The danger of such an attempt arises from the indeterministic process flow. Deadlocks, random data order, changing or deletion of data in use by other elements must be considered. Finding the resulting errors is hard and time consuming. The use of the presented design patterns will help to minimize these dangers, that occur from parallelizing an algorithm by giving each thread a clearly defined area of responsibility.
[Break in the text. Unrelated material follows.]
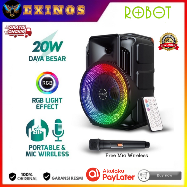 ROBOT RB500 Speaker Bluetooth Karaoke 5.0 Audio Wireless Super Bass Portable LED - Garansi Original Resmi

Permission to make digital or hard copies of all or part of this work for personal or classroom use is granted without fee provided that copies are not made or distributed for profit or commercial advantage and that copies bear this notice and the full citation on the first page. To copy otherwise, or republish, to post on servers or to redistribute to lists, requires prior specific permission and/or a fee. Copyright UNION Agency – Science Press, Plzen, Czech Republic.

# 2. MOTIVATION

The pipeline parallelization patterns resulted from the parallelization of our reconstruction algorithm. It is based on the works of [Lau94] and [Fau03]. [Lau94] introduced the concept of a visual hull and, based on this, [Fau03] developed his automatic reconstruction process of real objects with a camera on a robot arm that uses a new variant of the volume intersection approach. Due to the high performance of this algorithm, we try to use it for markerless VR immersion in a real time environment. The adaptive background model for registering the silhouettes is described in [Thu05]. The real time vertex reduction process of this project is described in [Piz06]. A rival approach [Fra04] is however based on *Bulk Synchronous Programming Scheme* by [Val90]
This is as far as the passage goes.